If I download the reference genome, and the reference GFF file and run genefinding on the new assemblies, with QUAST:
quast.py -R NC_000913.fna -G NC_000913.gff -f illumina-only/scaffolds.fasta hybrid_clr/scaffolds.fasta -o quast
You can see the impact of adding the PacBio CLR reads on additional quality parameters, such as the number of genes recovered, or the existence of misassemblies.
Can you do better?
Seriously, if you get it down to one contig, 10 points to Gryffindor (or credit for your lowest-scoring quiz).
Here are some things I still wonder about:
- Did I downsample too much? Would I have been better off including more Illumina data?
- What happens if we do find a way to clean up the CLR reads before assembling?

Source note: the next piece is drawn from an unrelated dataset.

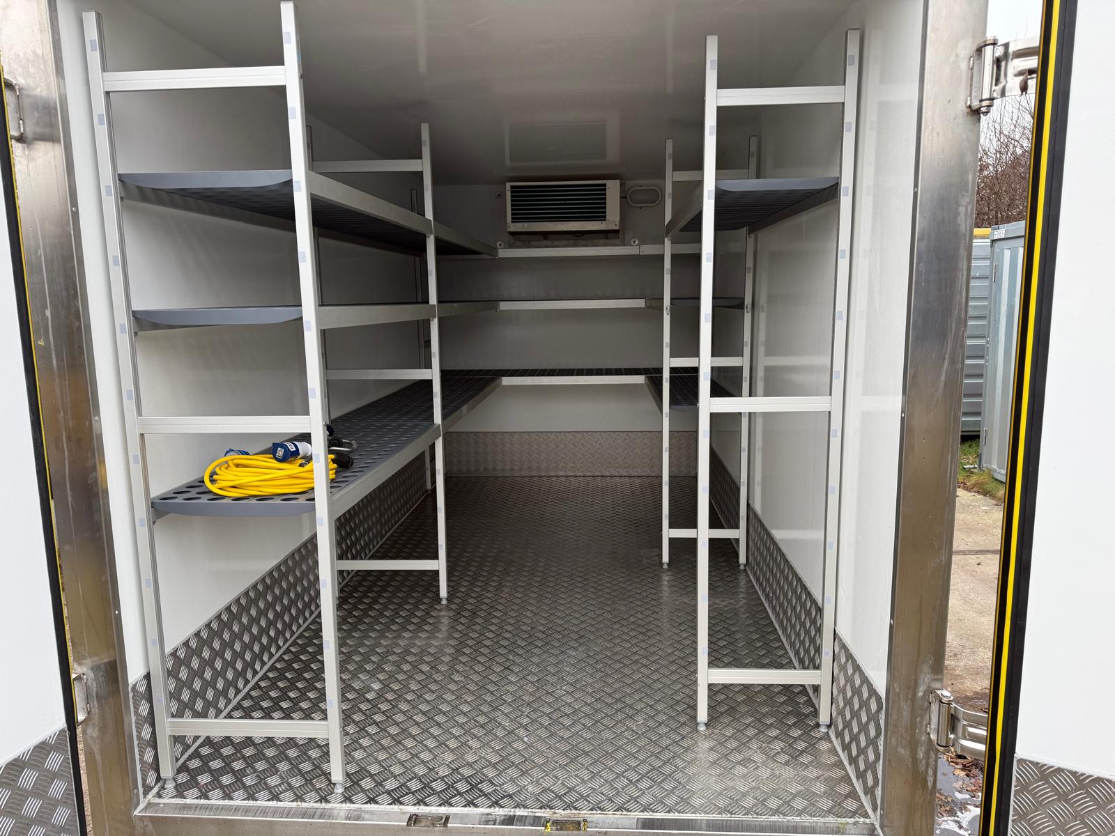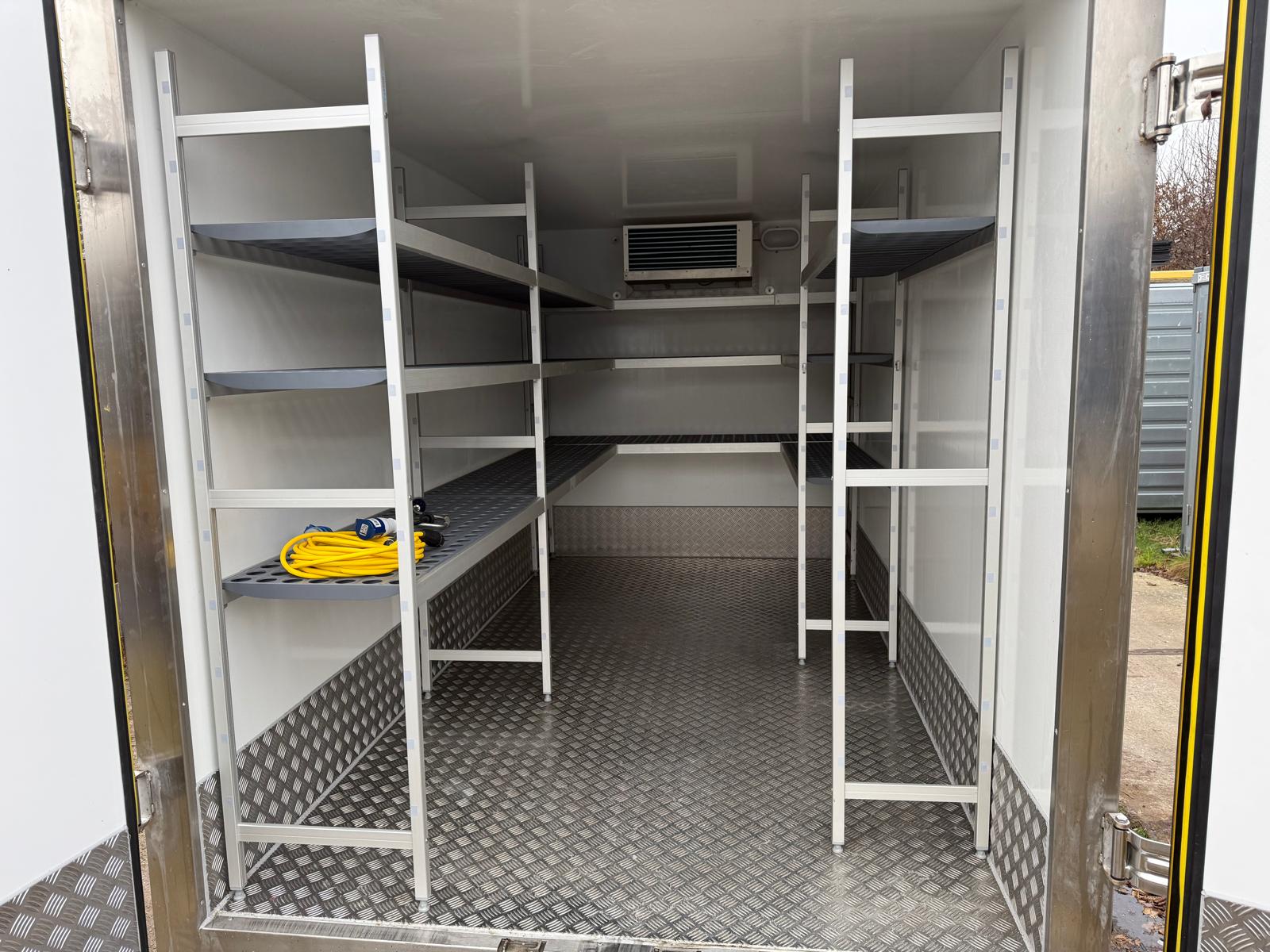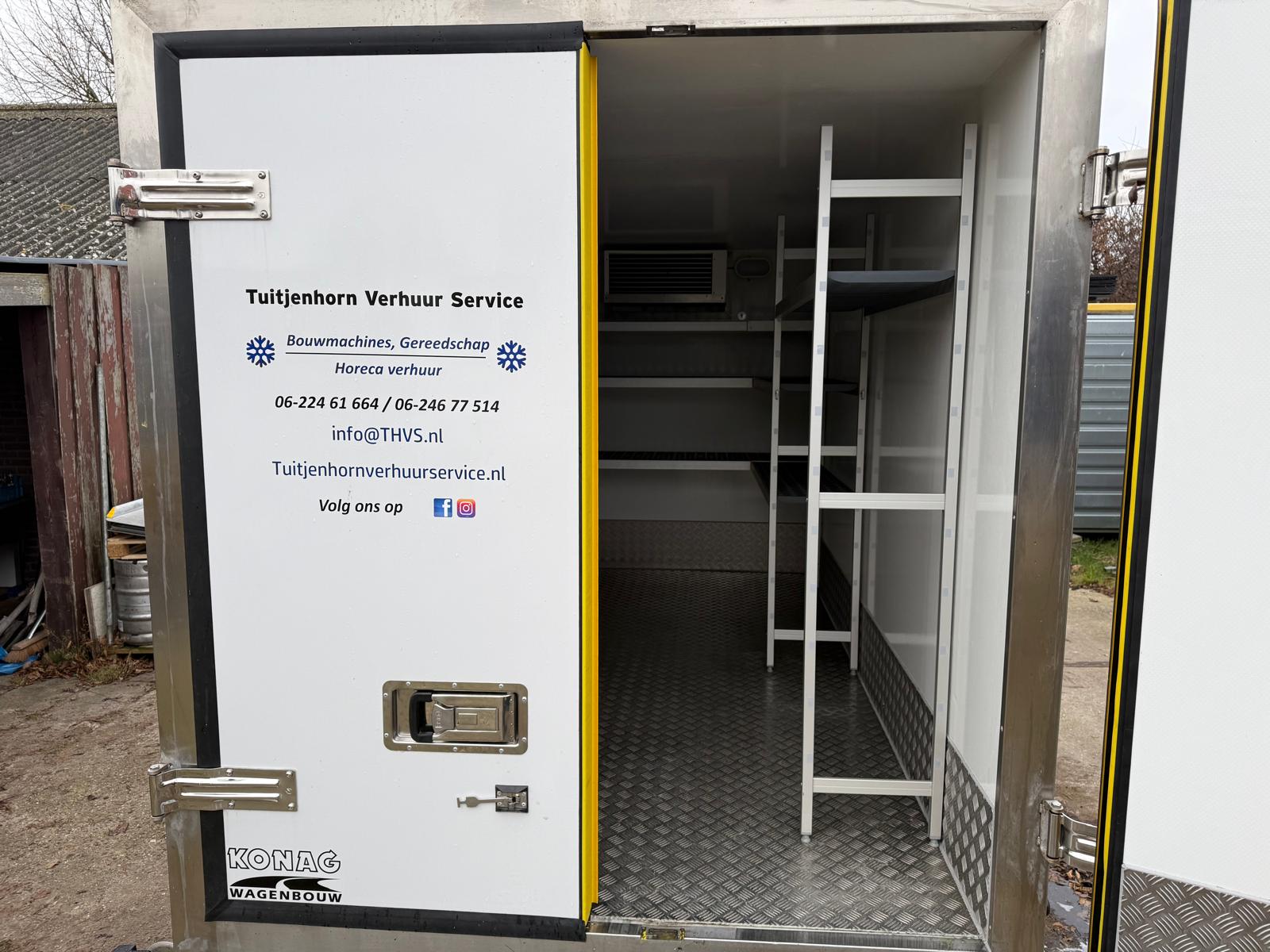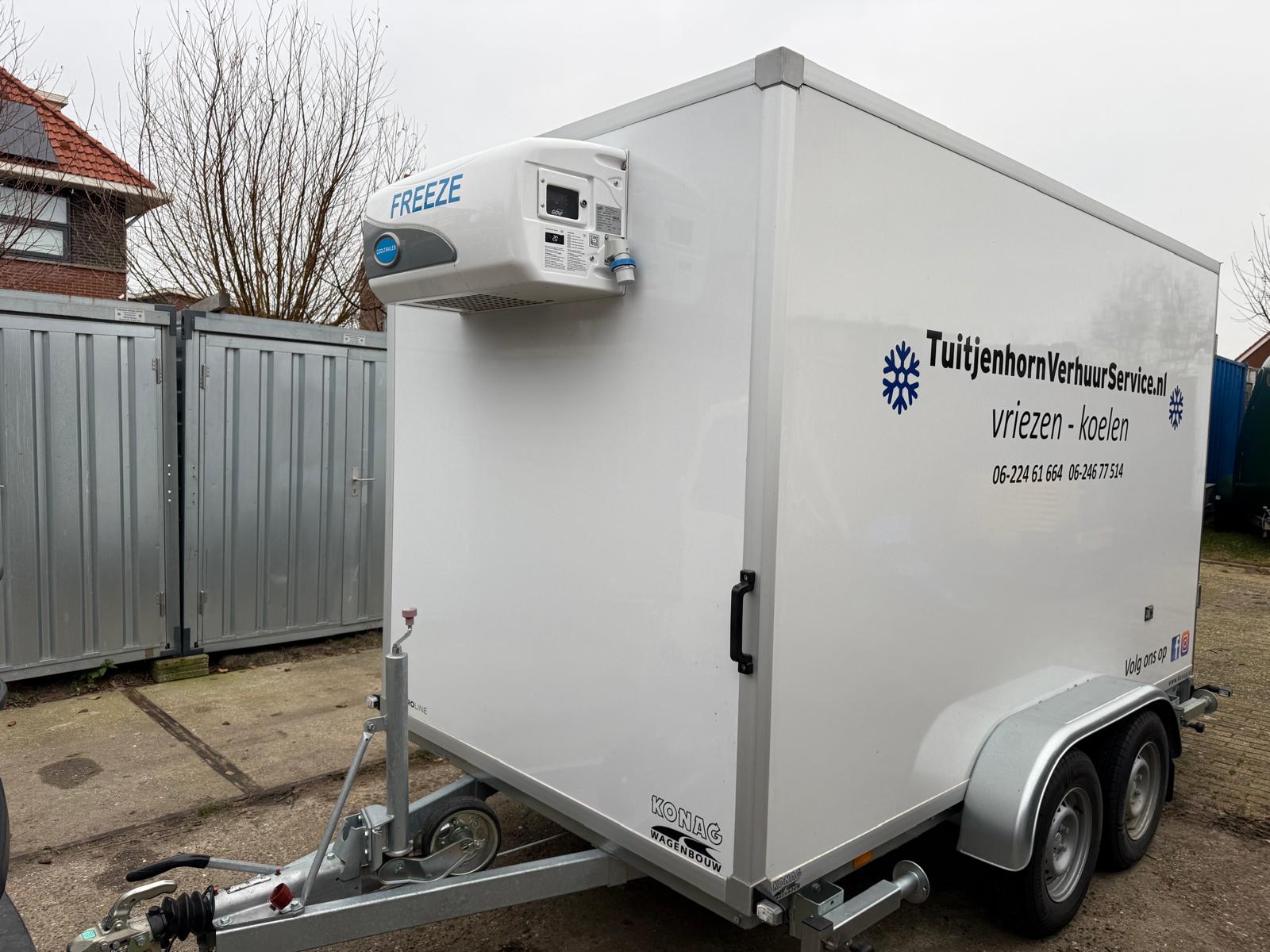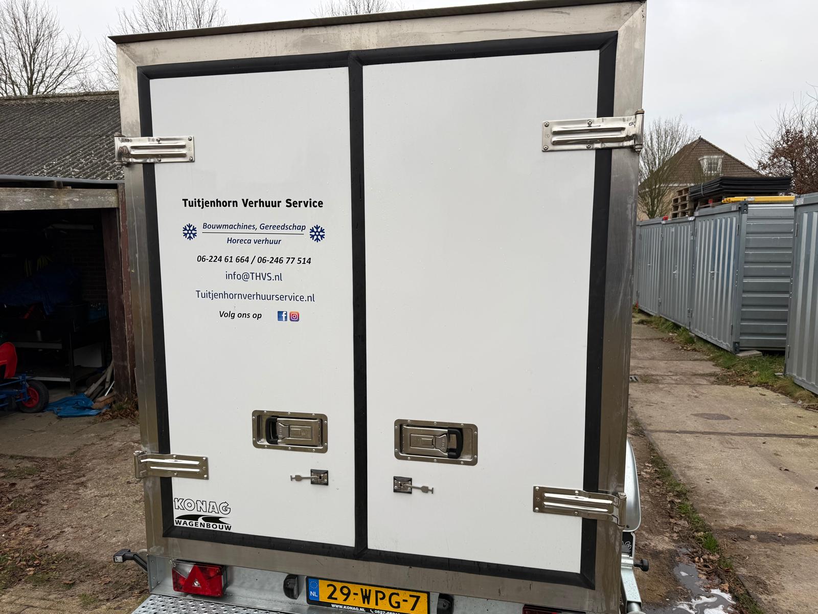 Deze tandemas vriesaanhangwagen 350x180x190 cm. De vriesaanhanger is voorzien van een stevig stalen chassis en heeft binnen verlichting werkend op de koelmotor.  De wagen zelf weegt slechts 725 kg. De geïsoleerde opbouw met een wanddikte van 100 mm en de geïsoleerde achterdeuren voorzien van 4 afdichtingsrubbers zorgen voor goede tempreratuur controle. De temperatuur is makkelijk zelf af te stellen tussen de -20 en +10 graden Celsius

- If you look at the SPAdes manual, PacBio CCS reads can simply be added as a single end library (-single). How would this affect the assembly?
- SPAdes can’t assemble the CLR-type reads, but it could in fact assemble the CCS reads (with a combination of longer kmer lengths as you do for Ion Torrent). How good is that data alone?
- The SPAdes manual is remarkably unenlightening on what happens if you use two paired end libraries of different insert lengths together. What would happen if you treated the 600nt library as high-quality mate pairs in ‘fr’ orientation instead of as just another PE library?